Eosinophils can be associated with allergies or autoimmune disorders in industrialized populations; however, as in many non-industrialized populations [1], virtually no allergies or autoimmune disorders have been identified among the Tsimane [26]. This absence may arise from the regulatory immunophenotypes induced by helminths (indeed, antihelminthic treatment is associated with lower eosinophils in high STH prevalence areas) [39, 40], and suggests that—while we cannot rule out eosinophilic leukemia or other conditions—eosinophils are likely to indicate helminth infection in the Tsimane. We use eosinophil count here as a secondary metric to the presence/absence of each STH that may capture additional elements of infection, including infection intensity or periods of migratory larval stages characterized by pre-reproductive larvae that do not yet produce eggs.

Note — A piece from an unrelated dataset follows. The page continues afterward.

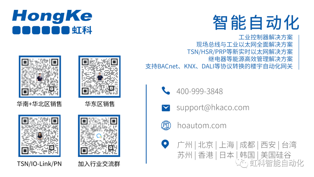 虹科是一家在工业自动化领域,特别是工业总线通讯行业经验超过15年的高科技公司。虹科智能自动化事业部与欧洲和美国的世界知名工业自动化、能源管理与楼宇自动化专家展开深度合作,提供业内顶尖水平的通信协议的软硬件解决方案,通信技术类型涉及工业自动化通讯协议【CAN、CANopen、EtherCAT、PROFINET、EtherNet/IP、IO-Link、OPC UA、MQTT、TSN】等,解决方案包含:代码、芯片/模块、板卡、网关、IO、工控机、继电器、测试方案、培训和开发服务等。因此,虹科是国内为数极少的在OT领域深耕多年并技术经验全面的供应商。

In vitro antigen stimulation
Aliquots of 100 µl heparinized whole blood were immediately added to separate round bottom microtiter wells in a sterile 96-well plate. One aliquot received 1 µg/ml H1N1 vaccine [2009 Monovalent Vaccine (Sanofi Pasteur, Inc. Swiftwater PA 18370)] diluted in RPMI-1640. Another aliquot received 100 µl of 20 µg/ml LPS (Sigma cat. L2630) diluted in RPMI-1640, rendering a final concentration of 10 mg/ml LPS. Control aliquots were run in RPMI alone. To prevent contamination, RPMI was supplemented with 100 IU/ml penicillin and 100 µg/ml streptomycin (Sigma cat. P0781), and any plates with visible growth or control values indicating contamination were eliminated. We enriched CO2 concentration by sealing plates in an airtight container with a burning candle to deplete O2 as a field-friendly alternative to a CO2 incubator [41]. The sealed and treated blood samples were incubated at 37°C for 72 h. Samples were centrifuged and supernatants were frozen in liquid nitrogen, transported on dry ice, and stored at −80°C for up to 2 years (see [42, 43]).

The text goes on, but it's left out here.